### Dataset entries
BEGIN

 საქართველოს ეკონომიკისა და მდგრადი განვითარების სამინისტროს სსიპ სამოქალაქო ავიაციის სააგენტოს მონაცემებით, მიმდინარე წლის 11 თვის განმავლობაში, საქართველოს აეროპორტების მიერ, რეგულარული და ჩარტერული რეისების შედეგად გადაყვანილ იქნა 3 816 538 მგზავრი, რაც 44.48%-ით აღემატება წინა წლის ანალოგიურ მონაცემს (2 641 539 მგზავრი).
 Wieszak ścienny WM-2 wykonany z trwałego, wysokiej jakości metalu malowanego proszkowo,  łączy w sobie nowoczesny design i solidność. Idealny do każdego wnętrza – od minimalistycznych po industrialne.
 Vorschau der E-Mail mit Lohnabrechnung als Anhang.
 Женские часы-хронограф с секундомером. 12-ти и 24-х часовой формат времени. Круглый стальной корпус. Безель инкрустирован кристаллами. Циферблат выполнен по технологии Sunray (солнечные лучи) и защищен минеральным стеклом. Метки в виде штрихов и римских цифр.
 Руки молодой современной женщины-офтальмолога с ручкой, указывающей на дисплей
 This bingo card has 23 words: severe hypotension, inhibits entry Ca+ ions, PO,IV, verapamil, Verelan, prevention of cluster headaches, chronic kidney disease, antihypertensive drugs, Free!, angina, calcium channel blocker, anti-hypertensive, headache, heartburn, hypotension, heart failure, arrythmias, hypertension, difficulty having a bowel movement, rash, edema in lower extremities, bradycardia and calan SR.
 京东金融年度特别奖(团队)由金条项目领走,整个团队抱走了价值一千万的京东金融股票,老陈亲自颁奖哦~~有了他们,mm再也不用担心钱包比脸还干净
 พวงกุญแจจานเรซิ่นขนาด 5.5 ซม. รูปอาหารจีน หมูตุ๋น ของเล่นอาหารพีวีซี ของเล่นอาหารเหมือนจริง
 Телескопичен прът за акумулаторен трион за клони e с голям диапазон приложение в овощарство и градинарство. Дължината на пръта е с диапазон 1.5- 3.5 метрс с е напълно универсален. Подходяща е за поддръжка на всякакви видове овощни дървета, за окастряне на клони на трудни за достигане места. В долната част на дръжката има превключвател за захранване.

END

Return only the lines between the one holding "Wieszak ścienny WM-2" and the one holding "Руки молодой современной", inclusive, exactly as they appear above.

### Solution
 Wieszak ścienny WM-2 wykonany z trwałego, wysokiej jakości metalu malowanego proszkowo,  łączy w sobie nowoczesny design i solidność. Idealny do każdego wnętrza – od minimalistycznych po industrialne.
 Vorschau der E-Mail mit Lohnabrechnung als Anhang.
 Женские часы-хронограф с секундомером. 12-ти и 24-х часовой формат времени. Круглый стальной корпус. Безель инкрустирован кристаллами. Циферблат выполнен по технологии Sunray (солнечные лучи) и защищен минеральным стеклом. Метки в виде штрихов и римских цифр.
 Руки молодой современной женщины-офтальмолога с ручкой, указывающей на дисплей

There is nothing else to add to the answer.